New York Field Office Handling N-400 Interviews for New Jersey Residents
Are you a New Jersey resident with a pending N-400, Application for Naturalization, who recently received an interview appointment notice directing you to Federal Plaza in New York City? You are not alone and that is not a typo. As part of a temporary workload shift (for the next approximately 60-90 days), the USCIS New York Field Office will be handling some of the Newark Field Office’s appointments. In short, go to where your interview notice indicates, and do not assume it will be the Newark Field Office just because you reside in northern New Jersey.
December Visa Bulletin
The Department of State (“DOS”) has released the
December Visa Bulletin.
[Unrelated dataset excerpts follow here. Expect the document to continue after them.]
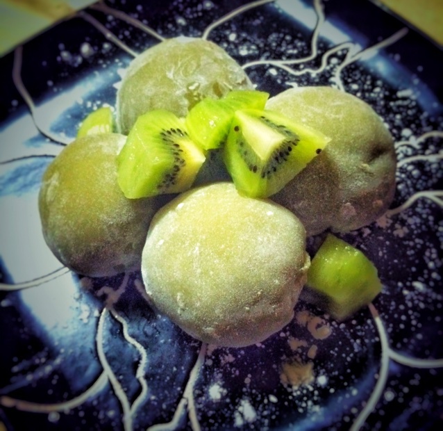 抹茶➕糯米➕牛奶做的外皮,超级好吃,但是好粘啊,现在没看见草莓卖就做了猕猴桃的。
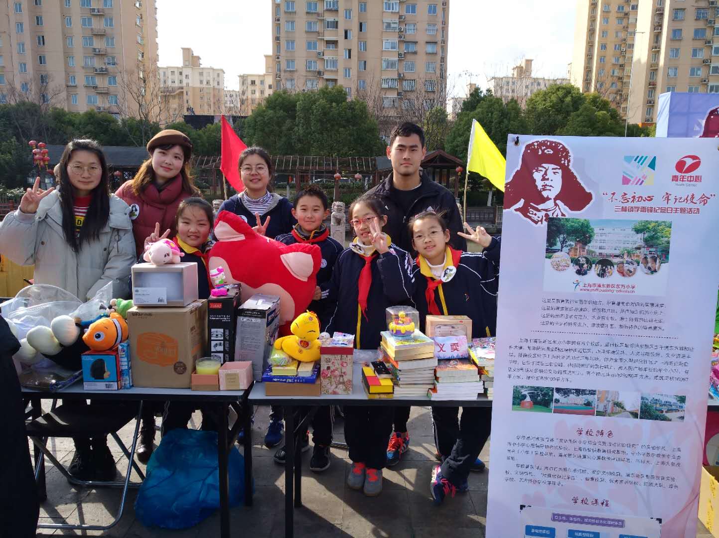 活动当天,迎着暖阳,由四名党团员和四名少先队员组成的东方小学慈善义卖小分队早早地来到三林老街,布置摊位,为义卖活动做准备。
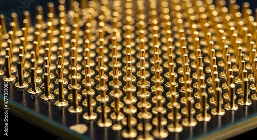 © Muhammad, Obraz premium Close-up view of the golden pins on the underside of a computer processor chip, highlighting its intricate design and technological complexity.
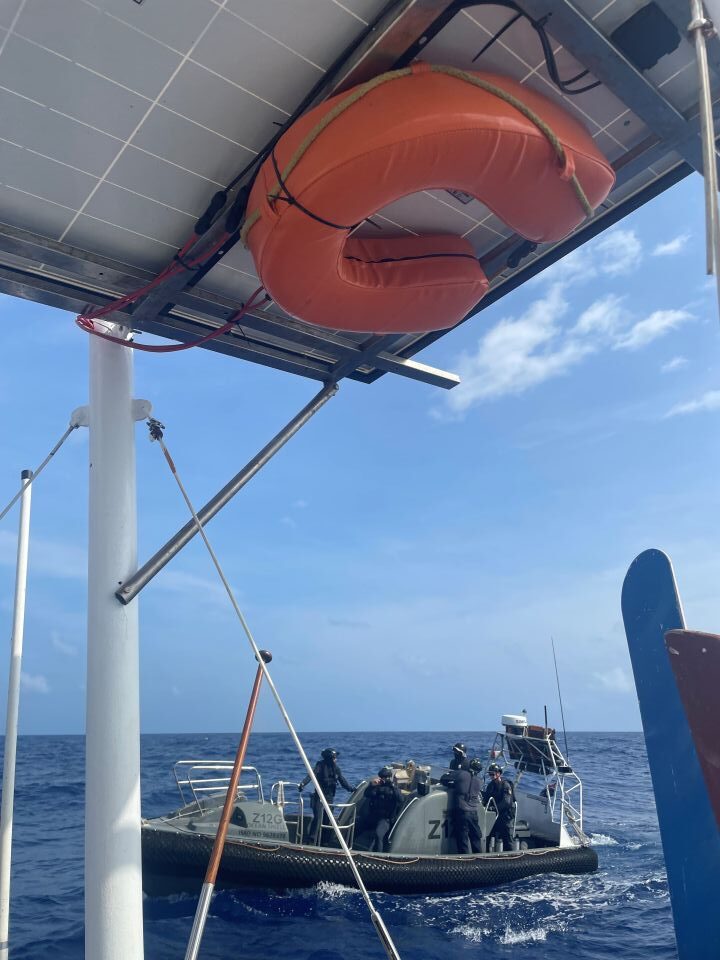 Spremljali so me že kar nekaj časa, kot se je malo kasneje izkazalo. Zaradi nizke amperaže baterij nisem imel prižgane VHF postaje, zato me niso mogli kontaktirati. Ker sem menda predstavljal potencialno nevarnost, so se odločili v vodo spustiti čoln s specialno posadko in se mi približati na nekaj metrov.
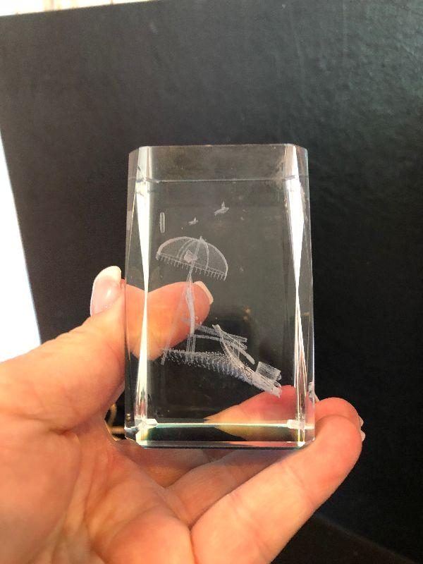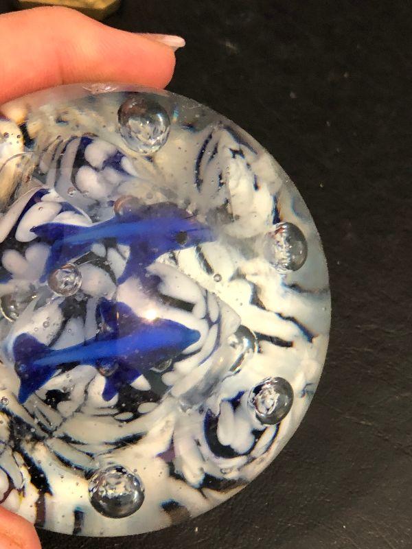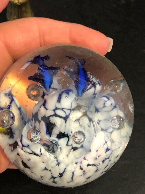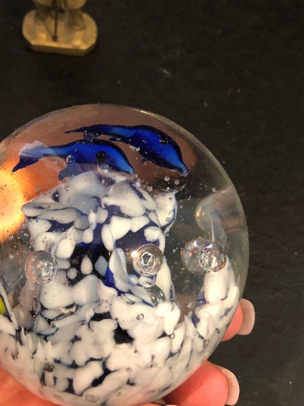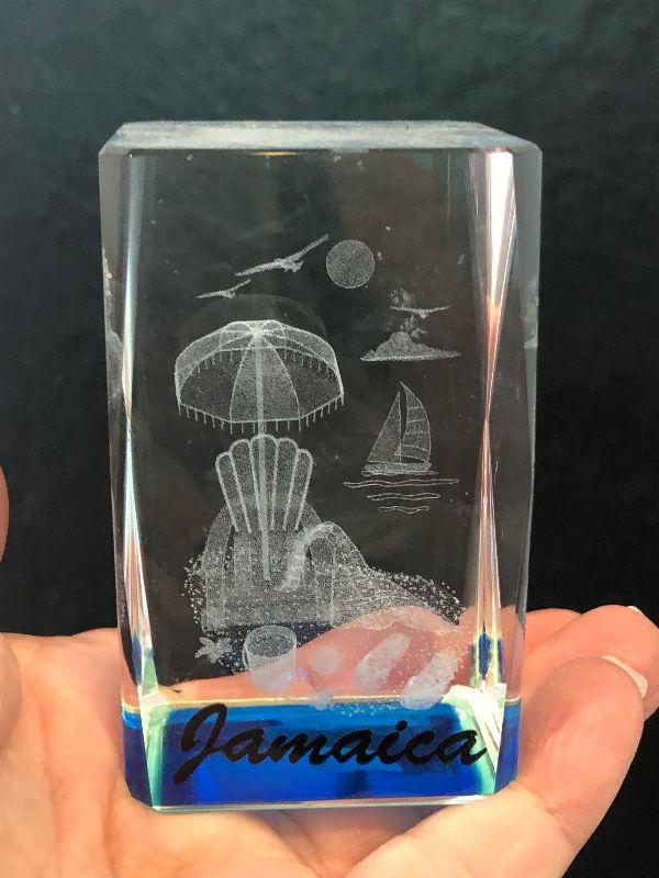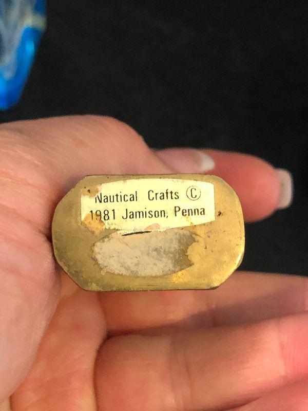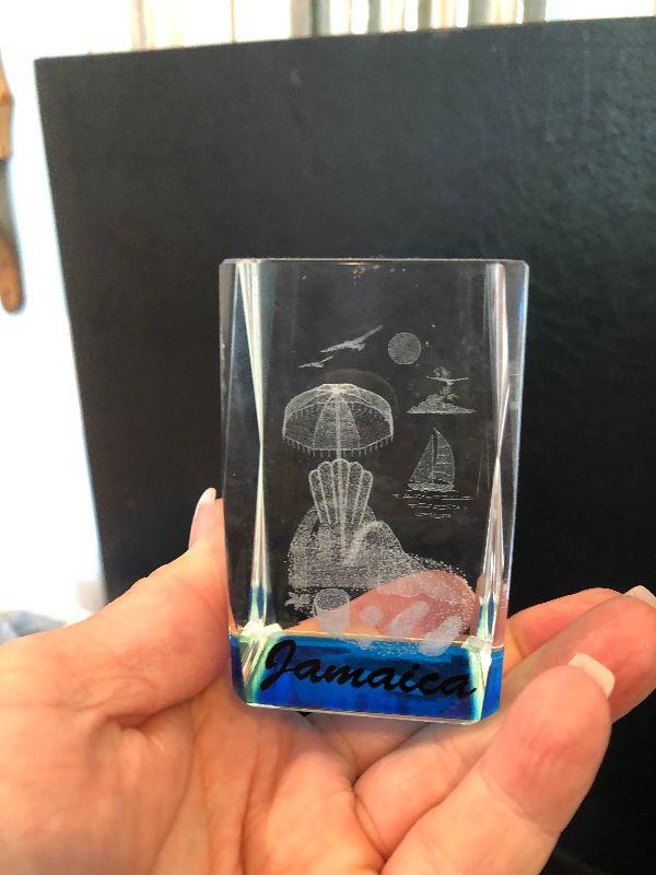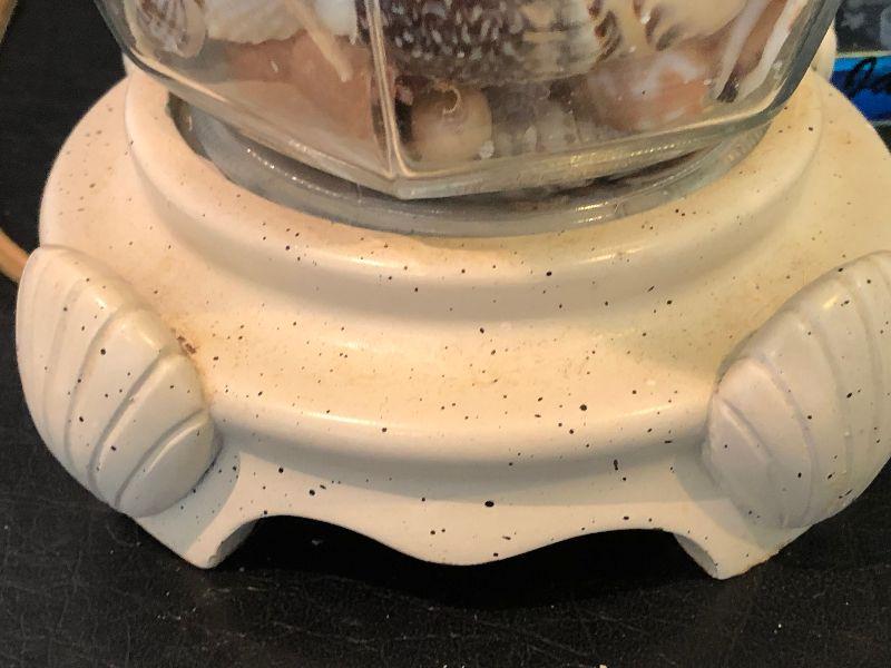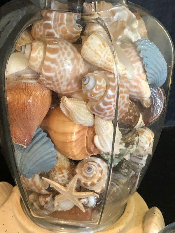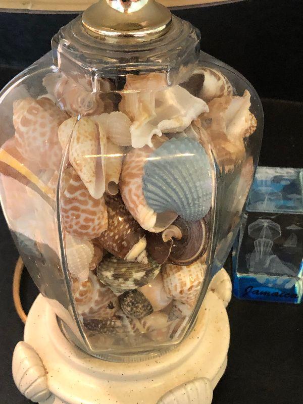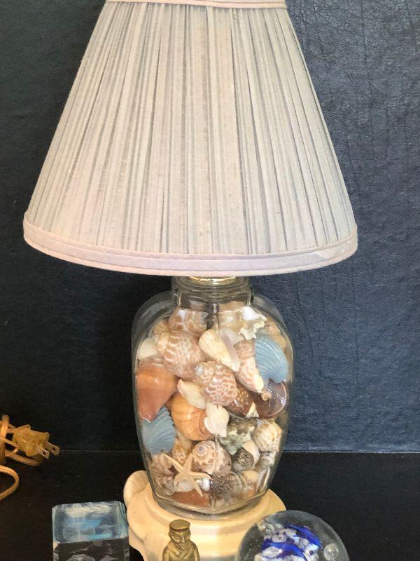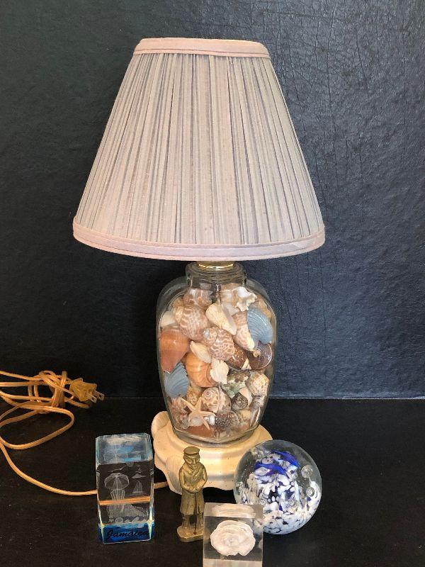 Glass lamp filled with sea shells, glass ball paper weight, a brass sea man, and a nautical designed souvenir from Jamaica. Bring box for moving.

Priority date cutoffs have advanced incrementally in some employment-based categories.
USCIS has not indicated whether it will allow use of the Dates of Filing chart for either employment- or family-based adjustment of status applications. That announcement should come in short order. We do know that USCIS will not accept any new employment-based fifth preference (“EB-5”) adjustment of status applications based on the Regional Center Program until that program is reauthorized. The EB-4 category for non-minister religious personnel is also set to expire on December 3, 2021, if the program is not further extended.
Key Movement in the January Visa Bulletin:
Employment-Based, First Preference (EB-1) Category
The category remains current for all countries of chargeability.
Employment-Based, Second Preference (EB-2) Category
The EB-2 category remains current for all countries of chargeability except India and China. EB-2 China advances to January 1, 2019. EB-2 India advances to May 1, 2012.
Employment-Based, Third Preference (EB-3) Category
The EB-3 category remains current for all countries of chargeability except India and China. EB-3 China advances to March 22, 2018. EB-3 India remains stationary at January 15, 2012. India EB-2 now has a more favorable cutoff date than India EB-3 again. Workers may want to consider an EB-3 to EB-2 “upgrade” filing.
EB-3 Other Workers
With the exception of China, the cutoff dates for EB-3 Other Workers are the same as each country’s respective EB-3 cutoff dates. For China, the cutoff date for EB-3 Other Workers advances to March 1, 2012.
Employment-Based, Fourth Preference (EB-4) Category
There is no movement from the
November 2021 Visa Bulletin in the EB-4 category. And, as described above, the non-minister EB-4 category is in danger of becoming unavailable altogether if Congress does not renew it by midnight on December 2, 2021.
Employment-Based, Fifth Preference (EB-5) Category
The EB-5 Non-Regional Center category remains current for all countries of chargeability, including China which becomes current in December. As discussed above, EB-5 Regional Center cases are currently unavailable because the program expired and has not been renewed. If Congress renews the regional center program, the EB-5 China cutoff date for both Regional Center and Non-Regional Center cases would revert to November 22, 2015. For all other countries, the Regional Center category would be current.